Rhapsodie Macabre

Rhapsody Macabre is a composition for piano and string quartet by Graham Waterhouse. He wrote in 2011 as a tribute to Franz Liszt and played the cello part in the first performance at the Liszt Festival 2011 in Gasteig, Munich.

History, structure and Music

Waterhouse wrote it for the final concert of Liszt Festival in Gasteig that its chamber music with works by Waterhouse contrasted the 200th anniversary entitled " Hommage à Liszt". The title ties to the composer of works by Liszt, his rhapsodies, his 1849 started Totentanz - Paraphrase on Dies irae for Piano and Orchestra and its Arrangement for Piano of Danse macabre from Camille Saint- Saëns. Waterhouse also cited several times the Gregorian on " Dies irae " and used items that he found in Liszt's music: virtuoso piano music, " harmonious colors by chord formations with predominantly thirds or fourths ," " timbre as a structuring agent, extreme registers of the piano, percussive interjections "and the transformation of the main theme in the course of the work", with the " Dies irae " theme plays a special role. The play, a " chamber music concert with elements " is through-composed, but divided into five sections:

  • Allegro alla toccata
  • Presto precipitando
  • Adagio Lusingando
  • Vivace
  • Con moto giusto

The section in the manner of a toccata based on two themes, including the " Dies irae ". In the second section of this issue appears in both lyrical and ironic. In the third section, the strings introduce a vocal melody that takes over the piano and leads to dialogue. The fourth section is a " demonic " Scherzo in 6/8-measure. The finale combines all the topics and ends with a coda, which is denoted by Presto.

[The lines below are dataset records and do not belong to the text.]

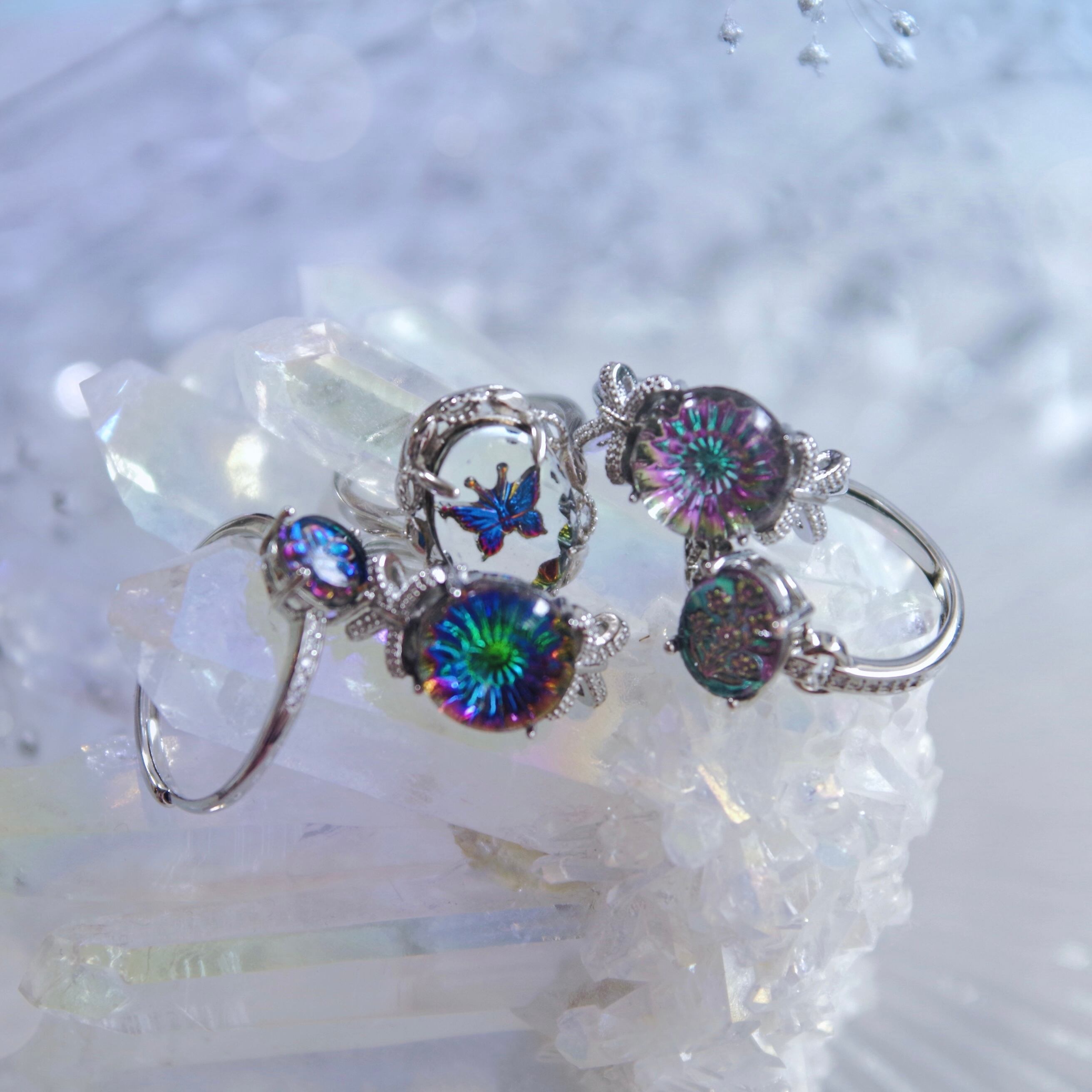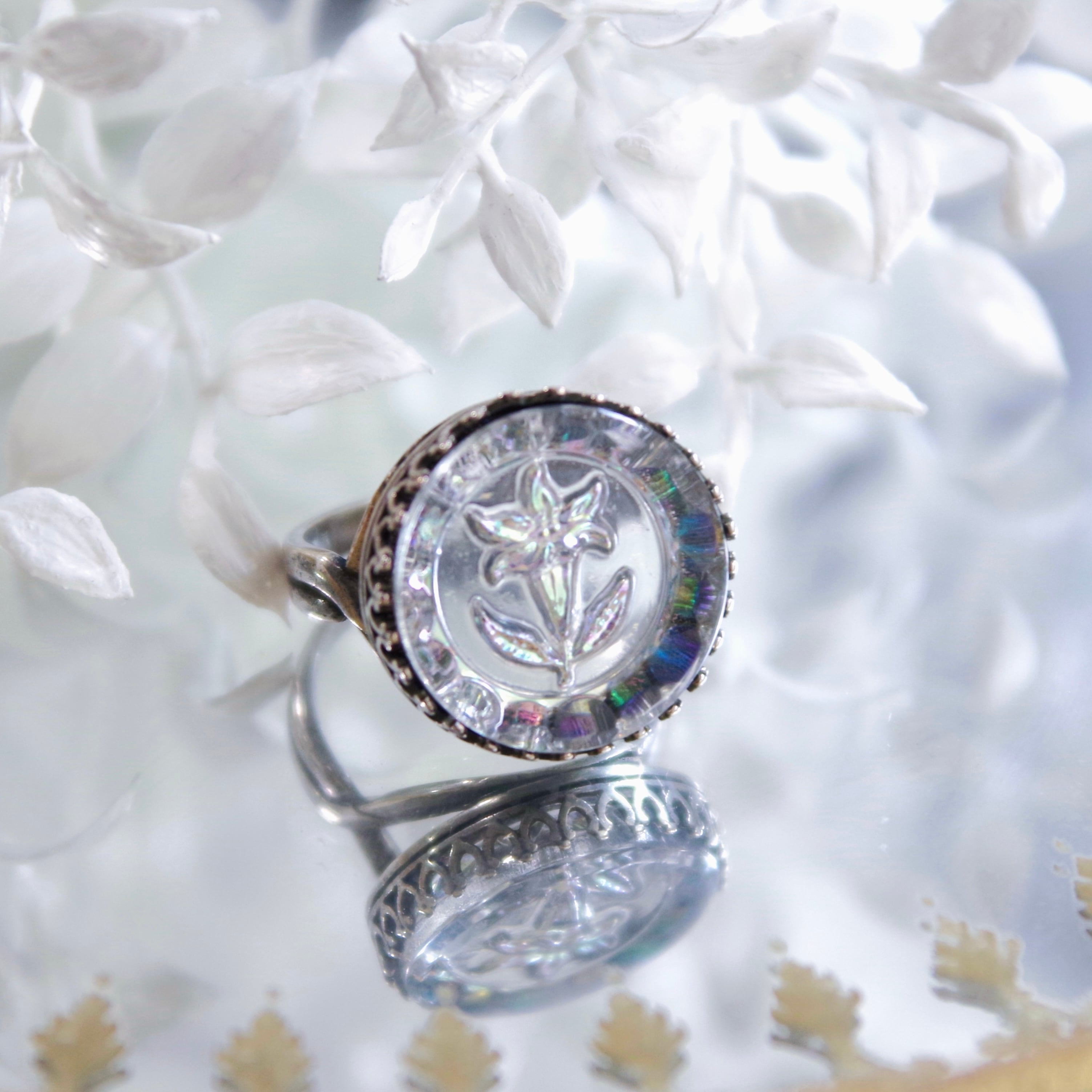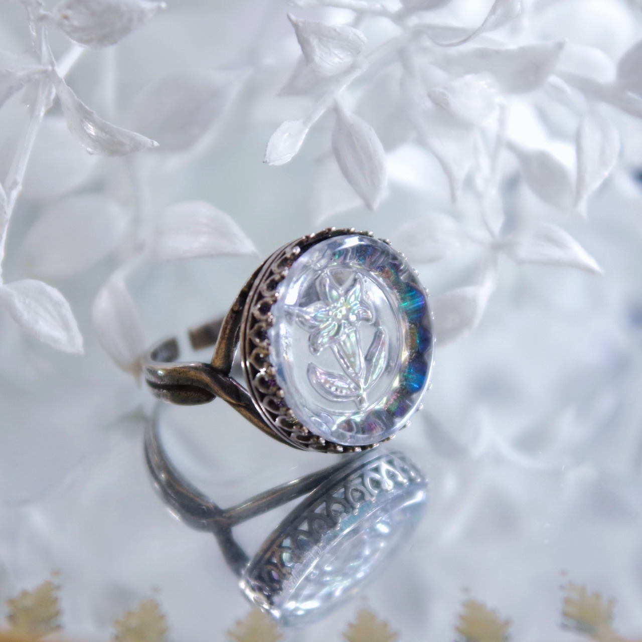 リング台座は裏彫りの技術と透け感を楽しんで頂きたいので、裏が見えるものを選びました。
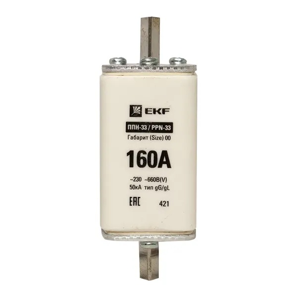 Плавкий предохранитель ножевого типа ППН-33, номинальный ток 160А, габарит 00 fus-33/160
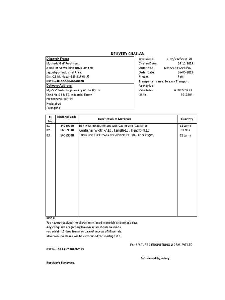 Delivery Challan Under Gst Meaning Uses Format - a in order to return the material in case damage material or extra material in received from the counterparty, we will have to create a delivery challan (purchase return).
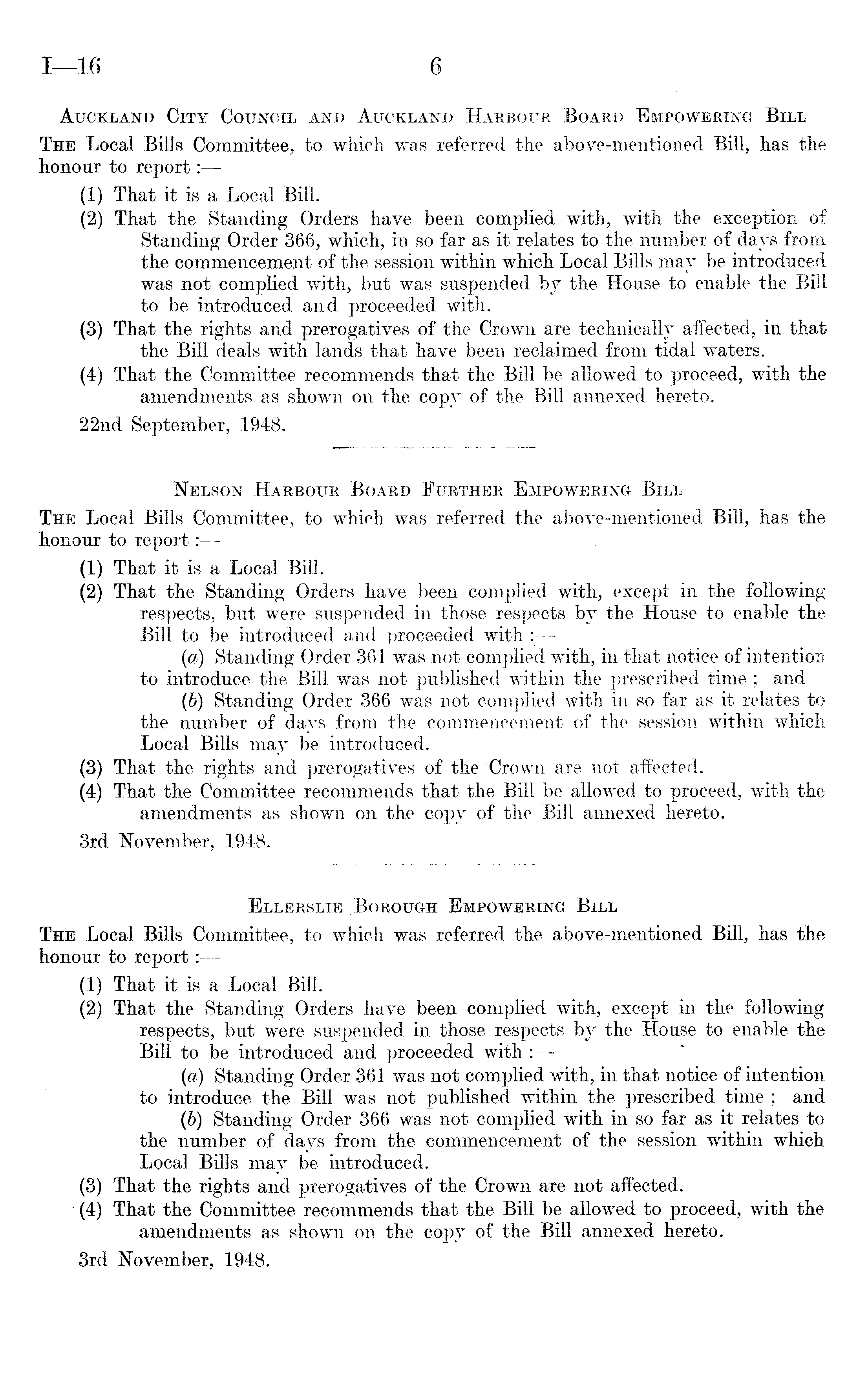 Nelson Harboub Boabd Fubtheb Empowering Bill The Local Bills Committee, to which was referred the above-mentioned Bill, has the honour to report: — (1) That it is a Local Bill. (2) That the Standing Orders have been complied with, except in the following respects, but were suspended in those respects by the House to enable the Bill to be introduced and proceeded with : (a) Standing Order 361 was not complied with, in that notice of intention to introduce the Bill was not published within the prescribed time ; and (b) Standing Order 366 was not complied with in so far as it relates to the number of days from the commencement of the session within which Local Bills may be introduced. (3) That the rights and prerogatives of the Crown are not affected. (4) That the Committee recommends that the Bill be allowed to proceed, with the amendments as shown on the copy of the Bill annexed hereto. 3rd November, 1948.

A review in the Süddeutsche Zeitung compares the music with a " spooky - dream ride through surreal landscapes, full of surprising twists and events."

Performances

The premiere was 23 October 2011 played in the context of the Liszt Festival of the pianist Valentina Babor, strings of the Munich Philharmonic, Clément Courtin, Namiko Fuse and Konstantin Sell Home, and the composer as a cellist. The ensemble played several concerts in the Munich area, for example, on 20 March 2012 at the Munich College of Music in a confrontation with piano quartets of Beethoven and Three Pieces for Solo Cello by Waterhouse. The musicians played the first performance in England on 9 October 2012 in London at Highgate School, whose pupils was the composer, in a portrait concert. The reviewer described the work as a mini - piano concert.